Roman québécois - Un Québec libre au-delà de la nation

En 1955, à Montréal, Maurice Tremblay, militant communiste, apprend qu'une émeute éclate à cause de la suspension du hockeyeur Maurice Richard. «En chantant, comme ivre», il suit la foule de Canadiens français qui tentent de venger leur idole, victime, selon eux, du pouvoir anglo-saxon dans le sport. Son amie, Margaret Webster, partage tellement son bonheur que, ce soir-là, elle se donne à lui. La révolte populaire en vient à changer le Québec.

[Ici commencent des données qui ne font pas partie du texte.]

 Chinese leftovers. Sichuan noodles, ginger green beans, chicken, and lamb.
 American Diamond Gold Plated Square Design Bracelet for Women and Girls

Cet épisode du roman Les Vivants, les Morts et les Autres, de Pierre Gélinas (1925-2009), est si riche en symboles qu'il ébranle le nationalisme traditionnel pour le remplacer, au-delà des ethnies, par l'élan d'une libération très moderne: la nation débouche sur l'humanité. Il justifie à lui seul la réédition du livre oublié de 1959, que le critique Jacques Pelletier préface avec intelligence et ferveur.

Certes, Margaret, jeune célibataire anglophone qui, avant les révolutions sexuelle et féministe, s'est affranchie du conformisme, apparaît comme une femme précocement émancipée. Elle travaille, a son propre logis, fréquente des étudiants de McGill férus d'art et de rébellion, s'adonne à l'amour libre. Mais ce qui frappe surtout, c'est son empathie pour la foi sociale, même nationale, de Maurice.

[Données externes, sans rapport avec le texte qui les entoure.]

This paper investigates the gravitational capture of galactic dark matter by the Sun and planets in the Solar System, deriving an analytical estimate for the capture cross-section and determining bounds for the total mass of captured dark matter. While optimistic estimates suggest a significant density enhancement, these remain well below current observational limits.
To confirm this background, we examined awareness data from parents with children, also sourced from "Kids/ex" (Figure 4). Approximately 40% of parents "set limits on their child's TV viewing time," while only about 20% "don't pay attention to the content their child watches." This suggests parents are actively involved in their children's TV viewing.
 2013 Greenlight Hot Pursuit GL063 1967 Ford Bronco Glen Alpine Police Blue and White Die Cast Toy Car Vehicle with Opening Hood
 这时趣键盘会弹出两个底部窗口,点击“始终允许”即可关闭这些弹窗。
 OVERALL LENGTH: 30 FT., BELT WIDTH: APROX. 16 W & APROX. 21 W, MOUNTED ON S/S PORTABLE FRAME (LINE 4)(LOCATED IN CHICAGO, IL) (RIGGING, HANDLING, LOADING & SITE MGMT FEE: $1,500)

Chez le héros, il s'agit bel et bien d'une religion. Le romancier prend un malin plaisir à jauger la conscience de celui-ci: «À la vérité, Maurice aurait-il jamais admis qu'il était en train de troquer une foi pour une autre?... Maurice se moquait des naïfs qui allaient à l'Oratoire; il rêvait d'un pèlerinage au mausolée de la place Rouge.»

Un communiste

Né à Montréal d'un père agronome, Gélinas ressemble à son personnage, issu de la bourgeoisie mais attiré par l'action sociale la plus à gauche. Lui aussi, il fut permanent du Parti communiste, séduit un temps par cette aventure pour réagir à l'extrême contre l'atmosphère étouffante et bête du duplessisme.

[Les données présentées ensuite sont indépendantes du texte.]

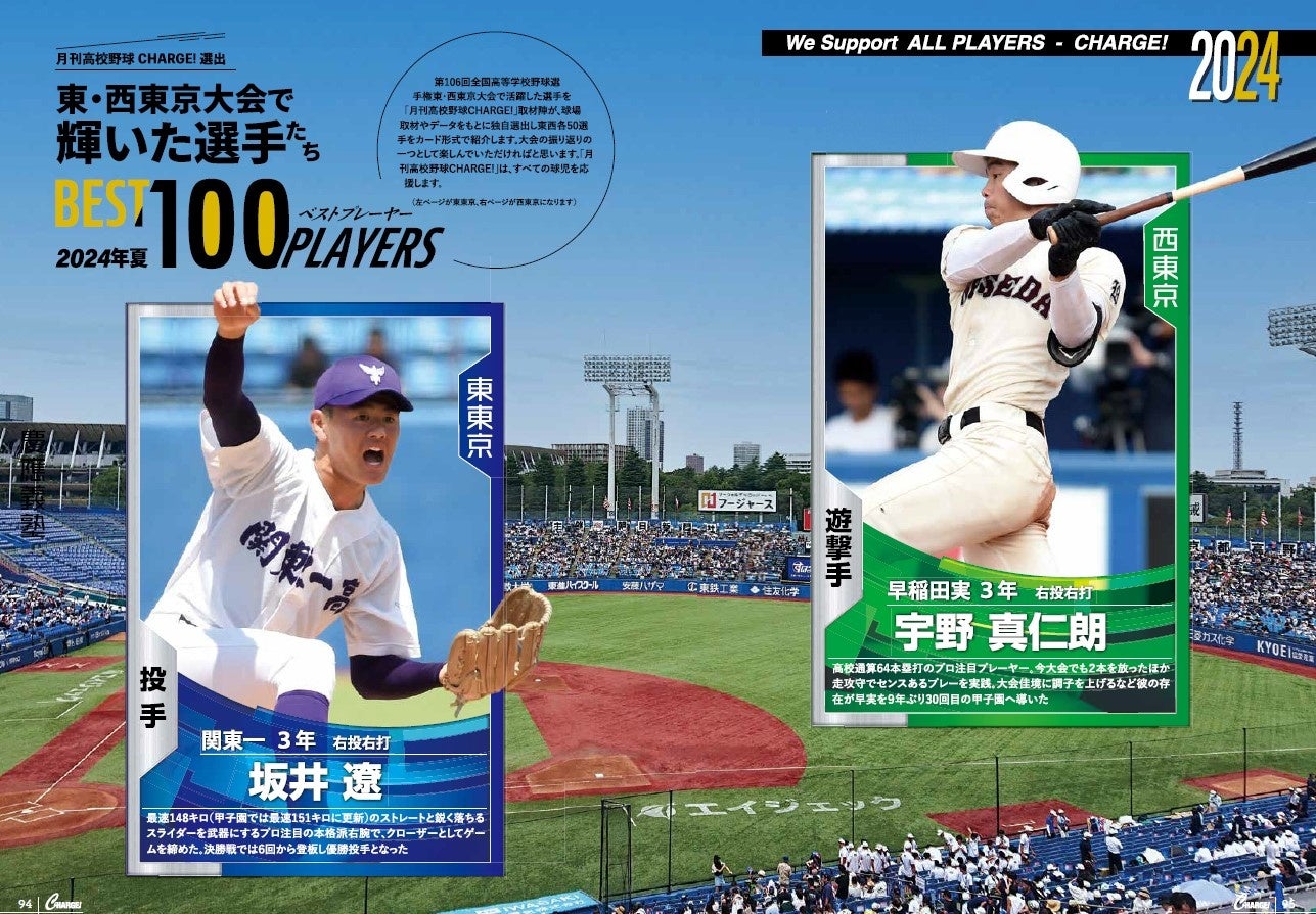 第106回全国高等学校野球選手権東・西東京大会で活躍した選手を「月刊高校野球CHARGE!」取材班が球場取材やデータをもとに独自選出し、東西各50選手をカード形式で紹介します。大会の振り返りの一つとして楽しんでいただければと思います。

Comme le signale Pelletier dans sa préface substantielle, Gélinas rompit avec le communisme à la suite du rapport Khrouchtchev (1956) sur les crimes de Staline, événement qui, à la fin du roman, secoue les militants. Mais ce qui trouble avant tout Maurice, soucieux de respecter les conventions sociales pour ne pas nuire à sa candidature de gauche aux élections, c'est l'attitude de Margaret.

Lorsqu'il la demande en mariage, elle lui répond: «On pourrait essayer... de vivre ensemble quelques mois, et voir...» L'émancipation féminine transfigure l'idée de révolution sociale pour faire découvrir que, derrière les doctrines, il y a les humains, «les autres», comme Victor, le petit capitaliste, frère de Maurice, les adversaires et les amis, «les conquérants et les vaincus».

À la veille des années 60, par sa finesse d'observation, le sobre roman de Gélinas révélait le seul porteur de changements: le peuple dans sa totalité.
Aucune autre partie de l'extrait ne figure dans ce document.